The rangers began to search the park about 7:20 p.m. and stopped when it became too dark to see.
They were going to continue in the morning.
The rangers told Denean that a partial ping from her husband's cellphone was retrieved.
About 7 p.m., his phone attempted to make a call to its voicemail.
Since then, the phone goes directly to voicemail, and no other GPS pings were shown.
Denean went to bed with peace in her heart that night because she thought they'd find her husband in the morning.
She didn't even call their children to tell them their father was missing.
She was that sure.
Mesa Verde National Park released a statement June 11 that Dale, 51, was missing in the park.
The release called it a hasty search: "Crews were out early Monday morning expanding the search area on foot, by horseback and by helicopter."
Two dog teams also assisted.
This was the first time someone was missing longer than a couple of hours, said Betty Lieurance, park public information officer.
"Typically, when people get lost in the park, we find them, or they resurface within a couple of hours," Lieurance said.
Expectations of finding Dale were high the first couple of days, and Denean patiently stood at the lookout point watching rescuers search for her husband.
By midweek, the extra power and helicopter were needed to respond to the Black Forest fire outside Colorado Springs.
The search was scaled back.
At the end of the week, the rangers took Denean and her family into a small room. There were two lists on the wall. One was filled with reasons to continue to search for Dale. There were only four reasons to stop.
She expected them to keep searching. "There were more reasons to continue," she said.
The chances of Dale's survivability were slim, park officials said.
The search was scaled back again.
"The search for Mitchell Stehling, which has been underway since last Sunday, has been scaled back due to lack of clues and new information," a third news release issued by the park stated.
There were no clues. No signs of life. No signs of death. No footprints to follow.
Temperatures in the park were over 100 degrees that week. Dale did not have water.
He was supposed to be gone only half an hour.

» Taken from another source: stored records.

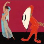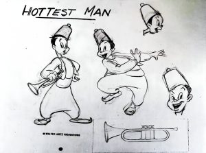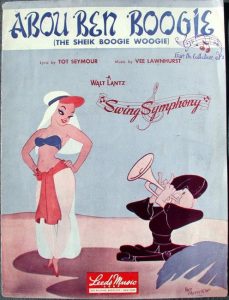 Abou Ben Boogie (9/18/44) contains absolutely no plot – and makes no pretense at being anything but Lantz’s attempt to do an all-out “homage” (or is the proper word, “steal”) of the night-club girl watching of Avery’s Red Hot Riding Hood). Since the film is essentially a comeback for the designs of the Princess and the fastest man in Siam, from The Greatest Man in Siam, the locale is shifted to an unknown nation in the middle East, at a night spot known as the Adobe Club (“Here’s mud in your eye”). The princess is recast as the entertainment, appearing out of a giant magic lamp, while the former fastest man appears as Abou Ben Boogie, the oriental rug cutter. No effort is made to not copy the Avery style, with wild takes galore (including Avery’s own giant-eyeball once-over of the girl), and substantially smoother and more seductive animation of the girl’s title number than anything seen in “Siam”. In fact, there are artifacts that suggest the film got in trouble with the censors (who had already required the girl to at least wear transparent harem-leggings in the prior picture), as several walk-cycles are seen only from the waist up – a likely indicator that the censors made the shots be zoomed-in upon to remove view of sensuous hip-strutting. It is surprising this film is not better-known and regarded among animation buffs for its similarities to the Avery product – something that often catches the eye when appearing in the work of other studios, such as Famous’s Sheep Shape – and, alas, may be mainly due to Universal keeping the film under wraps for so many decades. The title number, with writing credit given onscreen to Tot Seymour and Vee Lawnhurst, is an original, of which I am aware of no commercial recordings. However, the piece was published by Leeds Music, with a colorful and seductive piece of original artwork based on the film.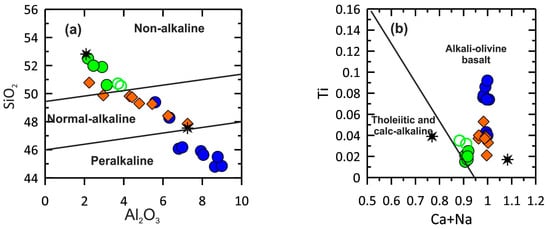 Variations in Ti vs. Ca+Na (a) and SiO2 vs. Al2O3 (b) for clinopyroxenes from rocks of the Tiksheozero complex. Fields after [18,19]. For symbols, see Figure 9.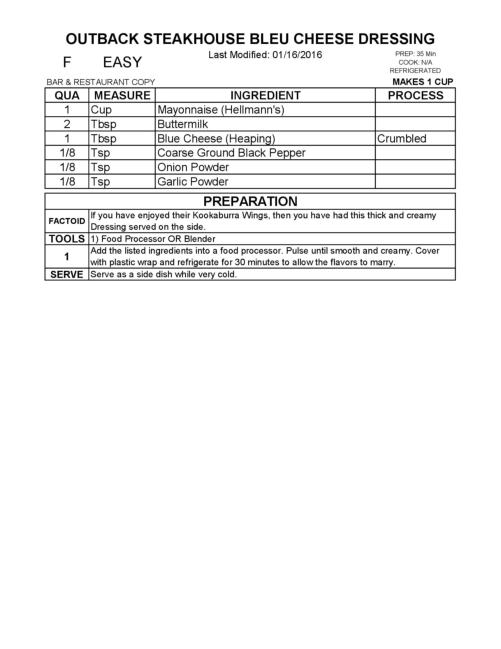 OUTBACK STEAKHOUSE BLEU CHEESE DRESSING

Park officials continue to search for Dale in a limited mode.
Denean does not want to give up. She's sure her husband is still out there.
"I know my husband," she said. "He's an outdoorsman. If he was physically capable of moving, he'd know how to find food and water."

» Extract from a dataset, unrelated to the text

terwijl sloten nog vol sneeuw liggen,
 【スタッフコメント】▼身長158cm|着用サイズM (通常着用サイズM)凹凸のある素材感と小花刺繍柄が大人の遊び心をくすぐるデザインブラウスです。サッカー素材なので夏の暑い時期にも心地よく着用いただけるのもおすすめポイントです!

After scaling back the search, rangers plastered posters all over the park with a photo of Dale, and they finally received their first tip.

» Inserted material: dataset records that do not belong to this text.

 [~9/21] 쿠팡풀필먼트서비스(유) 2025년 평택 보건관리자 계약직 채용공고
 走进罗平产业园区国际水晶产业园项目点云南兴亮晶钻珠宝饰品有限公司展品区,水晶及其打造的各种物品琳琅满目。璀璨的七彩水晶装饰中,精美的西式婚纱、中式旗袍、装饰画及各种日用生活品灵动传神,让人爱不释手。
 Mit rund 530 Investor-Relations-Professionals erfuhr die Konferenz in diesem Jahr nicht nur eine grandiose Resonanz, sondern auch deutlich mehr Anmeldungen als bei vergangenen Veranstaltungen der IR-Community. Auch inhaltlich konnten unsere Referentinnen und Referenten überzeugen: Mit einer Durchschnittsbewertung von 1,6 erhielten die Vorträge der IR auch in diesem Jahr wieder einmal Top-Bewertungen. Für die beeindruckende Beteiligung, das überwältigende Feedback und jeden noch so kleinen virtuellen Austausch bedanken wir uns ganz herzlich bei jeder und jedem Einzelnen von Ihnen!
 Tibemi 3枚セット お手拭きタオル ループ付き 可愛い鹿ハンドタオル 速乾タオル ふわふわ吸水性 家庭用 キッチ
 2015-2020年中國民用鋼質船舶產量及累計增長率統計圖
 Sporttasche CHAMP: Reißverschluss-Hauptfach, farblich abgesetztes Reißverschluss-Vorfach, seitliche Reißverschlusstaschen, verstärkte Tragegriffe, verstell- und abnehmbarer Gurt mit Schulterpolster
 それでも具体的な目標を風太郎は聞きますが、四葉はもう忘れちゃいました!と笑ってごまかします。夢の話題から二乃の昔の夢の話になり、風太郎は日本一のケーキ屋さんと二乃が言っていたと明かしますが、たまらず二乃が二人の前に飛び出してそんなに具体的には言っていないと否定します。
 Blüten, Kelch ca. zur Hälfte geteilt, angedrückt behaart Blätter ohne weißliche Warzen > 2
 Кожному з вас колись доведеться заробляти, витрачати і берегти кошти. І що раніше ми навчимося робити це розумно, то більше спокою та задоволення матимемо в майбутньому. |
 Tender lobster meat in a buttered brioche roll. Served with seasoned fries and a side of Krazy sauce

A couple had seen Dale on June 9.
He was resting on Petroglyph Point Trail, a 2.4-mile route that splits off from the Spruce Tree House Trail.
How much farther is it, he asked the couple.
They told him he was about halfway there.
The couple saw Dale once more at another fork in the trail.
That was the last time they saw him.
Denean and Dale have been married 32 years. They celebrated their anniversary in March.
Together, they have four children and six grandchildren. Dale has an older son who spent weeks searching the park for his father.
He just returned home.
"If God said his number is up, I'd be OK with that," Denean said. "I know Dale was good with God."
Every night, she sends a text message to her husband, just like she would while she worked a seven-day shift.
She tells him she loves him and she misses him.
She doesn't believe he's dead.
"I don't feel that," she said. "If it was his day, I need to know that."
Right now, she has peace.
"A lot of people don't understand the peace of God," she said. "I have peace."
When Denean arrives in Colorado, she plans to take a picture of Dale with his family - he lived for his children and grandchildren - and tell his story.
"I just want Dale's face out there," she said.
She wants to keep the search alive.
"I'm not fooling myself," she said. "I know he can be dead, but I just don't have that feeling.
"My heart may forever be in Colorado."